Making the following distinctions and answering the following questions should help clarifying the approach:
It gets more complicated than that. You intrinsically have two ways to identify a public organization :
In the first case, you see a public organization and define it, with lifecycle management, official naming, etc... You come acrosse questions such as : do we want to trace name changes? (for the record, I'm for delta's - not snapshots).
The second case gives a meaning to the public organization (is also an extra concept (skos:Concept?) in the vocabulary - cf. Registered Organizations vocabulary). The occurence of that same public organization in the legal framework has its own lifecycles that should be captures. Eg Organization Y (in essence private) gets controlled by central government due to sudden financial ownership (stocks being bought by public org's). So according to ESR2010, it becomes a public organisation. Two years later, policy changes and Org Y is privatized. Life as a public organization stops at that moment.

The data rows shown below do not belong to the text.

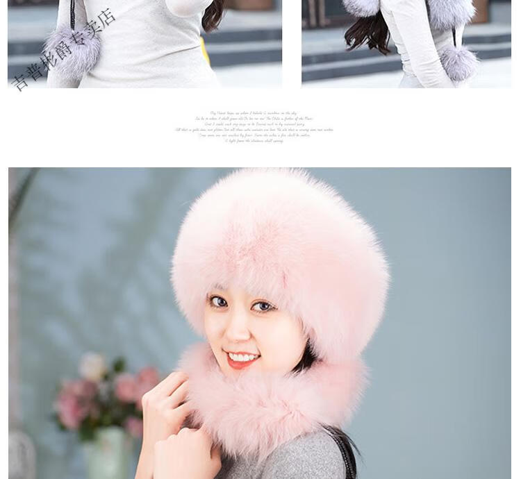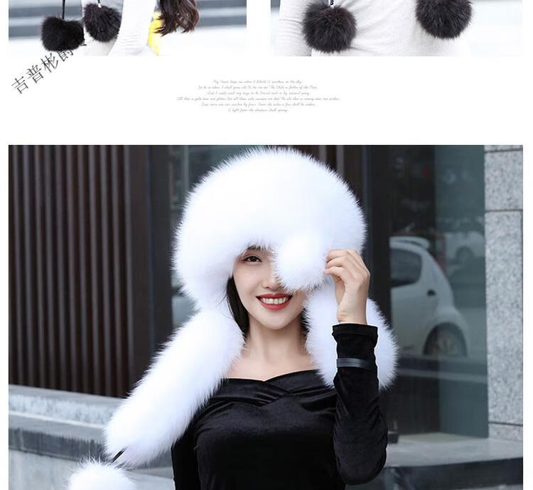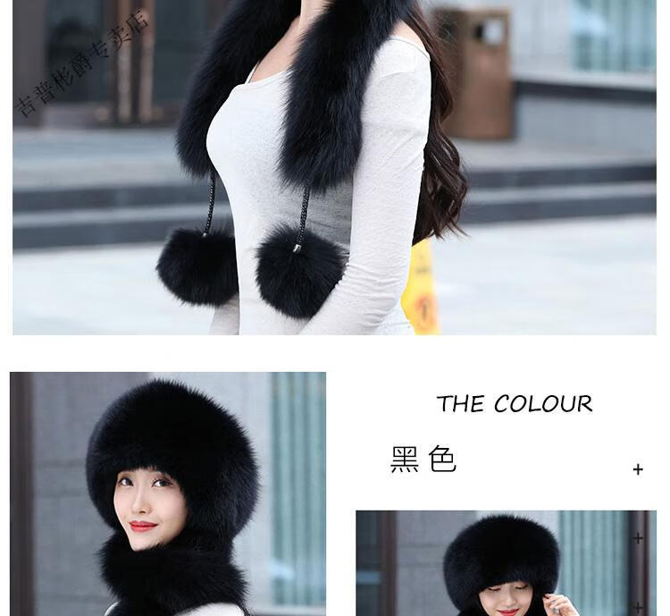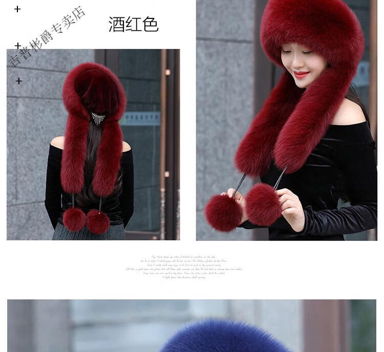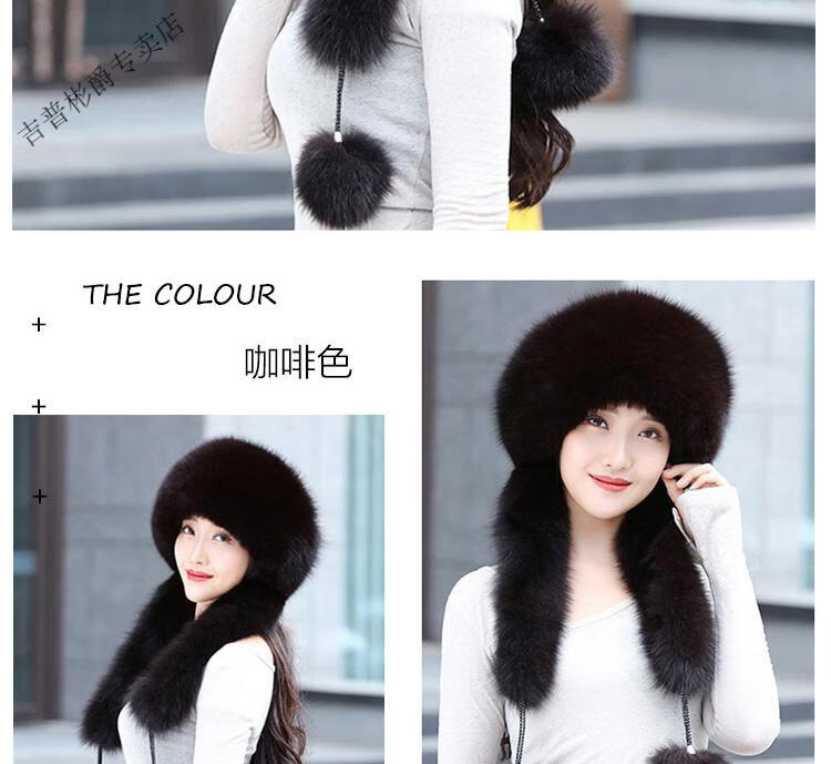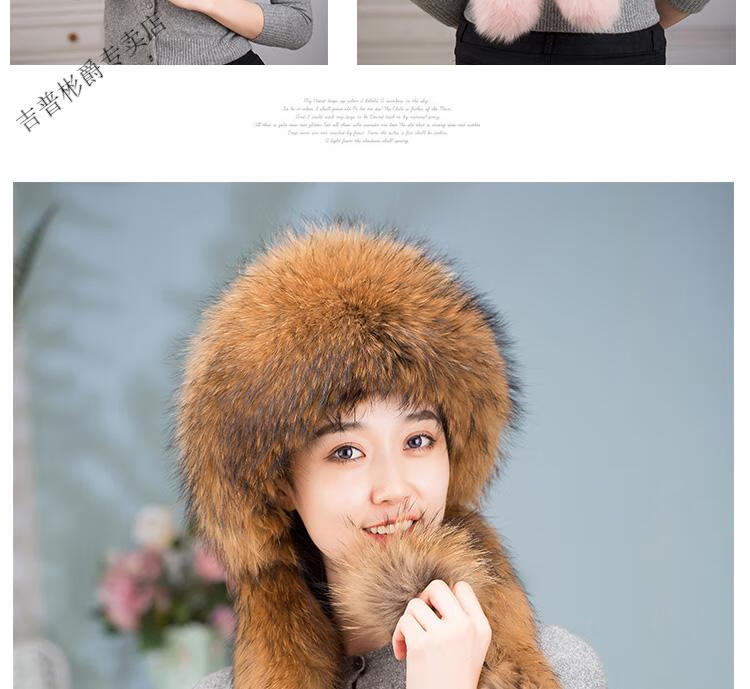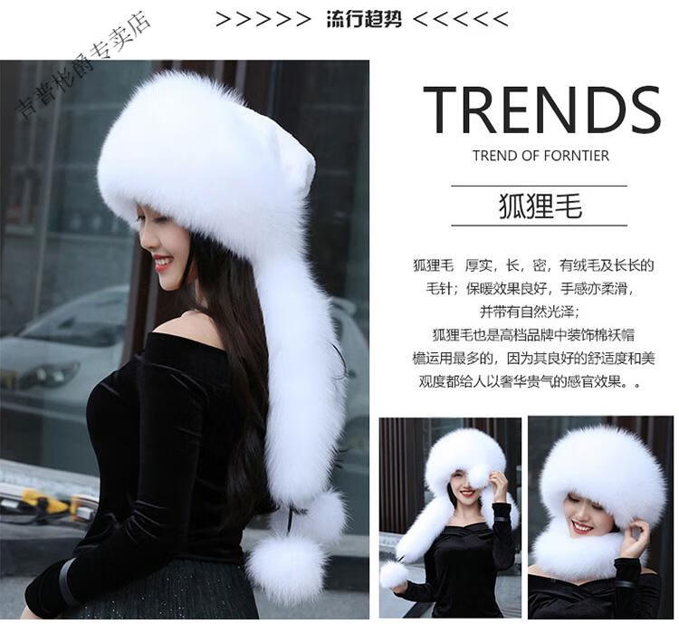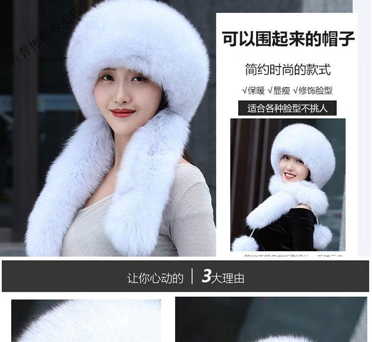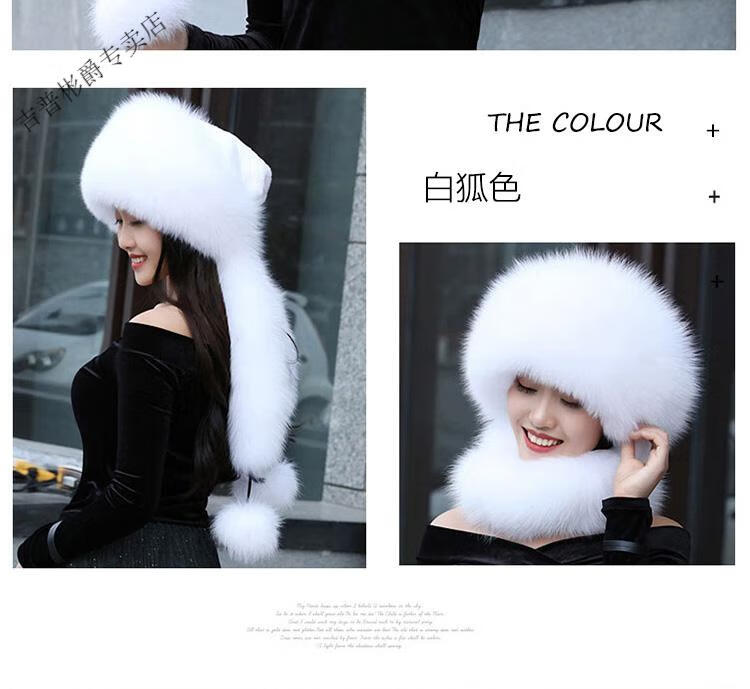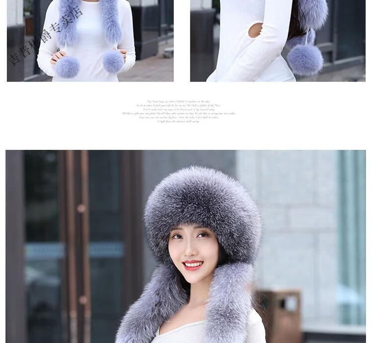 JEEP SPIRIT狐狸毛皮草帽子女冬季护耳包头围巾帽真裘皮蒙古女帽东北獭兔毛毛 蓝狐色 S(54-56cm)
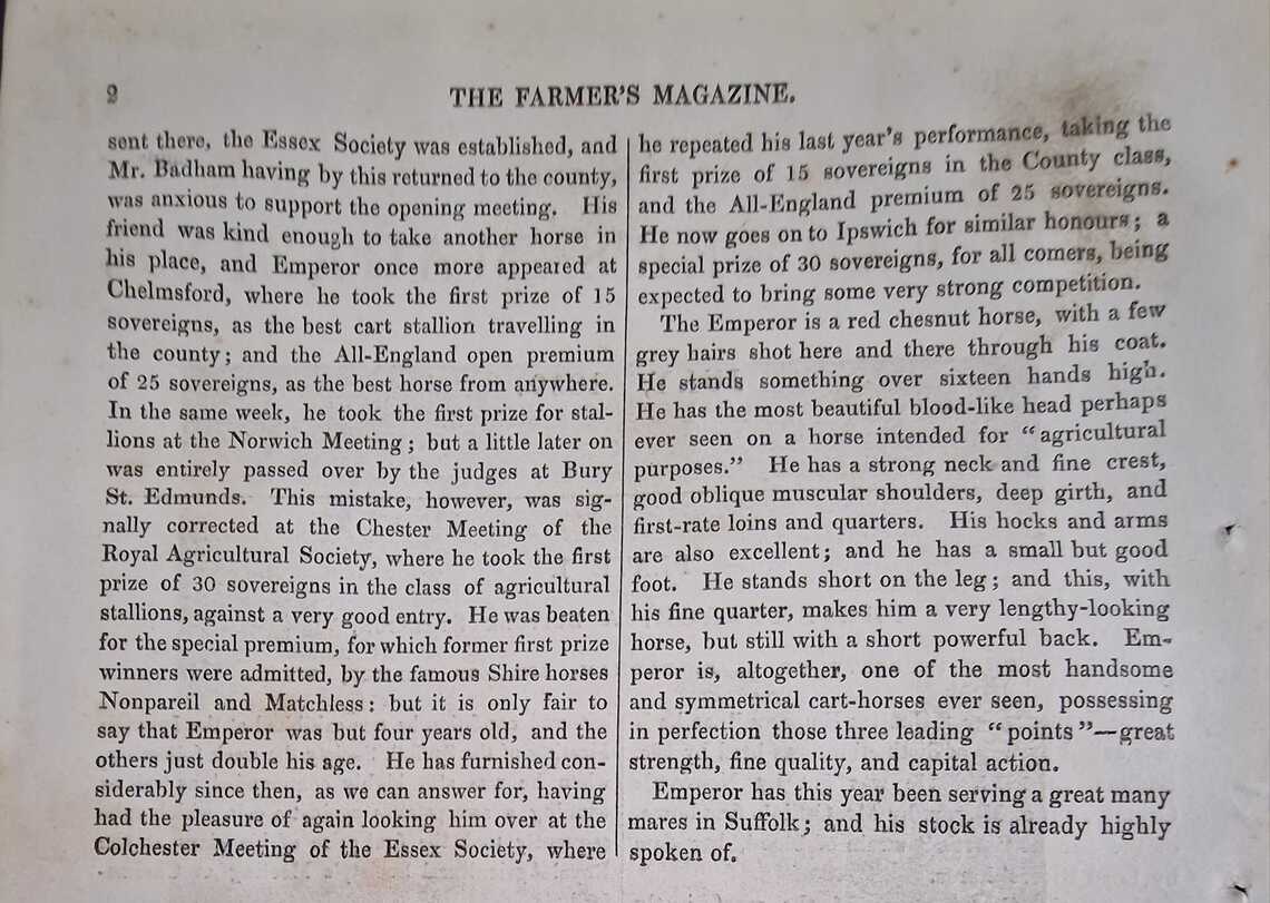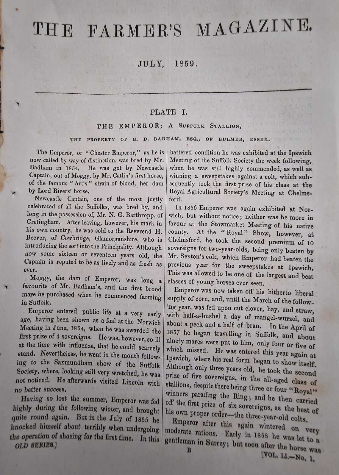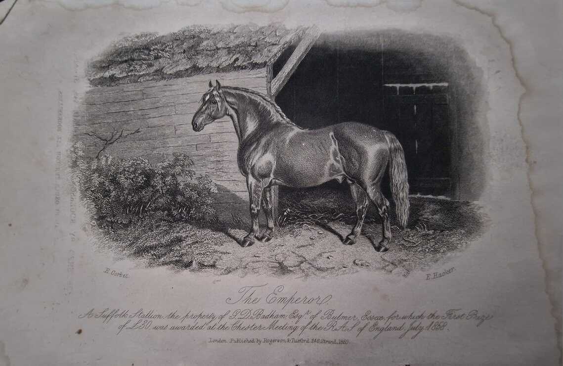 The Emperor, a Suffolk Stallion belonging to George David Badham of Bulmer that won first prize at Chester Meeting of the Royal Agricultural Society in 1858. Article appeared in 'The Farmer's Magazine' in July 1859. Mr Badham was a noted Agriculturalist and Animal Breeder who was born in Bulmer in 1807. He lived in Whitton outside Ipswich before moving back to Jenkins Farm in the village in 1858. He died in Bulmer in 1877. His gravestone can be viewed here.....
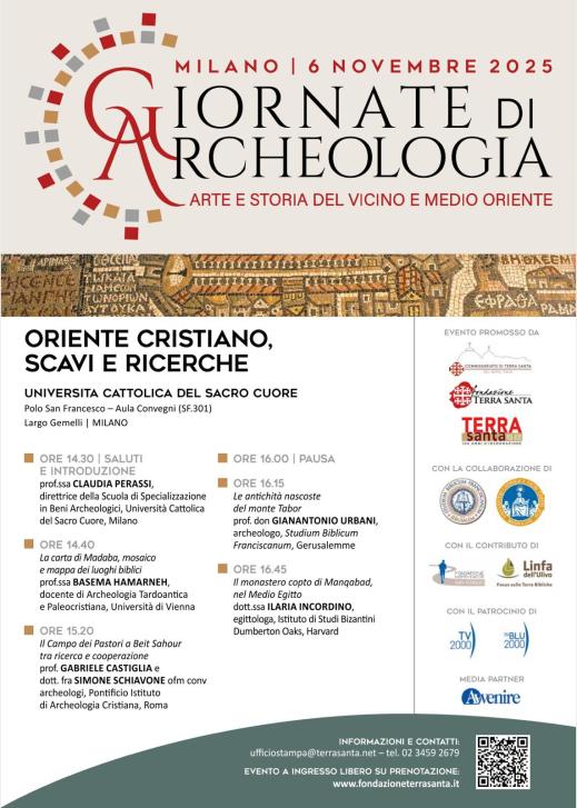 Milano, giovedì 6 novembre 2025, ore 14.30 – 17, università Cattolica del Sacro Cuore: Polo San Francesco – Aula Convegni (SF.301), largo Gemelli, Milano. Saluti e introduzione: prof.ssa CLAUDIA PERASSI, direttrice della Scuola di specializzazione in Beni archeologici, università Cattolica del Sacro Cuore, Milano. “Oriente cristiano: scavi e ricerche”. Intervengono: prof.ssa BASEMA HAMARNEH, docente di Archeologia Tardoantica e Paleocristiana, università di Vienna, “La carta di Madaba, mosaico e mappa dei luoghi biblici”; prof. GABRIELE CASTIGLIA, docente di Topografia dell’Orbis Christianus Antiquus, e dott. fra SIMONE SCHIAVONE ofm conv., archeologo, Pontificio Istituto di Archeologia cristiana (Piac), Roma, “Il Campo dei Pastori a Beit Sahour tra ricerca e cooperazione”; prof. don GIANANTONIO URBANI, professore di Archeologia biblica e Escursioni, Studium Biblicum Franciscanum, Gerusalemme, “Le antichità nascoste del Monte Tabor”; dott.ssa ILARIA INCORDINO, egittologa, Istituto di Studi Bizantini Dumberton Oaks, Harvard, “Il monastero copto di Manqabad, nel Medio Egitto”. Evento realizzato in collaborazione con lo Studium Biblicum Franciscanum di Gerusalemme e l’università Cattolica del Sacro Cuore. Con il contributo di Fondazione Homo Viator – San Teobaldo e Linfa dell’Ulivo 2025, Vicenza.
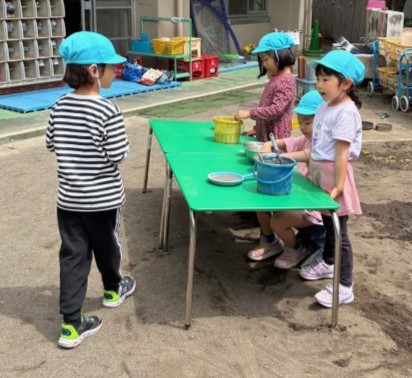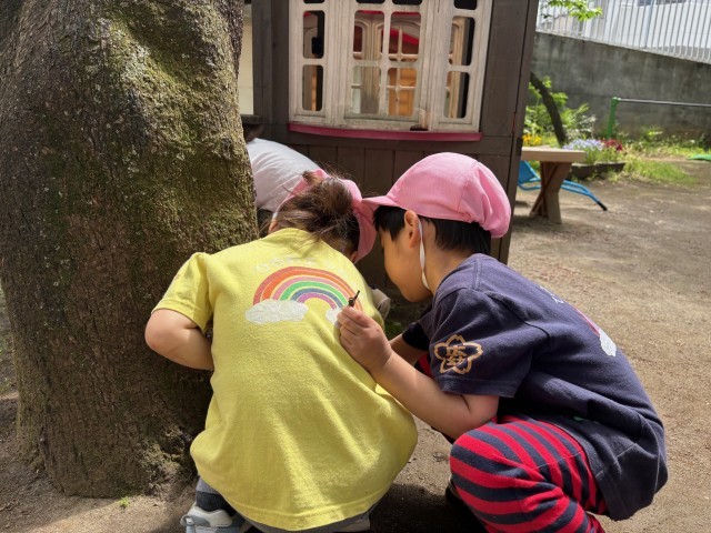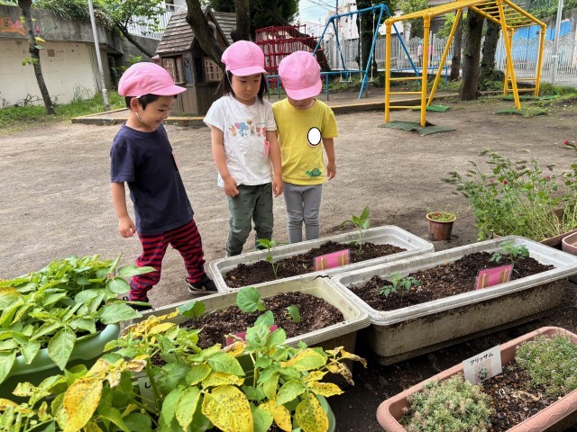 自然いっぱいの園庭で 公開日 2025/05/12 更新日 2025/05/09 お知らせ 戸外が気持ちいい季節です。砂場の上にはシートを貼り、心地いい日陰で思い思いに遊んでいます。虫や樹液を見つけて、よーく観察している子供たちです。はな組もそら組も夏野菜の苗を植えました。育つのが楽しみだね!
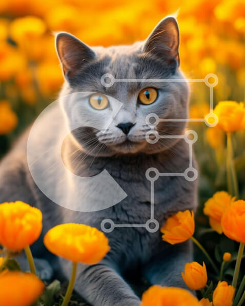 Intra Συλλεκτικό Ξύλινο Παζλ Plywood 4mm – Γκρίζα γάτα στο πεδίο πορτοκαλί λουλουδιών Σε Ξύλινο Κουτί – Διαστάσεις: 10×10 cm – 25 κομμάτια
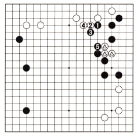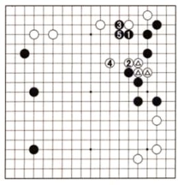 The three marked white stones in Dia. 5 are under siege, but Black's stones are not strong enough to trap them. Therefore, he switches to the top and attaches with 1. If White defends with 2, Black hanes with 3. After White defends with 4, Black comes back to finish off the marked stones with 5. They can no longer escape and they don't have enough room on the right to live.
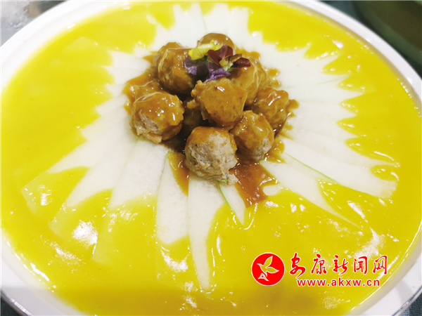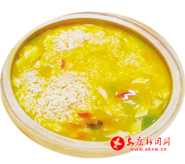 這是一道舌尖美味,制作時提前把海參、青筍、杏鮑菇、紅蘿卜切好汆水,備好墨魚花、蝦仁、棒骨高湯、南瓜泥、咸蛋黃,炸好香米,客人餐前,把炸好的香米復(fù)炸香脆裝盤,再把雞油、咸蛋黃、高湯和南瓜泥放入鍋內(nèi)翻炒,然后倒入海參、青筍、杏鮑菇、紅蘿卜、墨魚花、蝦仁等食材,燒開勾芡,調(diào)制成濃香金湯,起鍋裝盆,端到客人餐桌,當(dāng)著食客的面將脆米倒入盛裝金湯的土盆里,攪拌均勻即可。這道菜看著五顏六色、金黃油亮,吃著養(yǎng)胃養(yǎng)顏,湯汁鮮美,營養(yǎng)豐富。

So we have to capture change events in the Organization itself as well as in its occurence in the legal framework.
This also applies to the issue about 'what is the core of an organization that we want to capture'. Location for me isn't what defines an organization. It is an important aspect, but relates to other cores (eg INSPIRE models). Time change capture should be on that relation also.
if we take a working definition of a change event as 'something occuring at a certain timestamp, or between a start timestamp and end timestamp, which affects a property or properties of an entity', then the basic properties of an event start to become clear - it needs to refer to a entity, it needs to refer to the property or properties which were affected, it needs to have a start and end timestamps (which may have the same value).
Given that a single change event on one entity can map to multiple change events on other entities (e.g. a change at EU level would map to change events on individual member states which may differ in the altered properties), then a hierarchy is also required. A change event therefore needs references to its parent change event and any child change events. This structure also allows sibling change events to be followed, via the parent.
Applying a restriction on the values of a change event then becomes related to the set of changeable properties on the object upon which the change occurs. It is therefore probably not a good idea to try to constrain those properties, other than in a low-depth abstract way - but as Phil points out, that needs to be carefully approached.
The question over delta or snapshot is largely a matter of storage, rather than model or vocabulary. The most useful representation is the current snapshot, a point in time representation can be either engineered from the original state plus the changes (which still requires a snapshot of the original state), or on each change the previous state can be end timestamped and stored. The only effect on the model/vocabulary is to enforce a start and end timstamp of each applicable entity, where the end can be blank (or null).
Completely agree with the part about the working definition.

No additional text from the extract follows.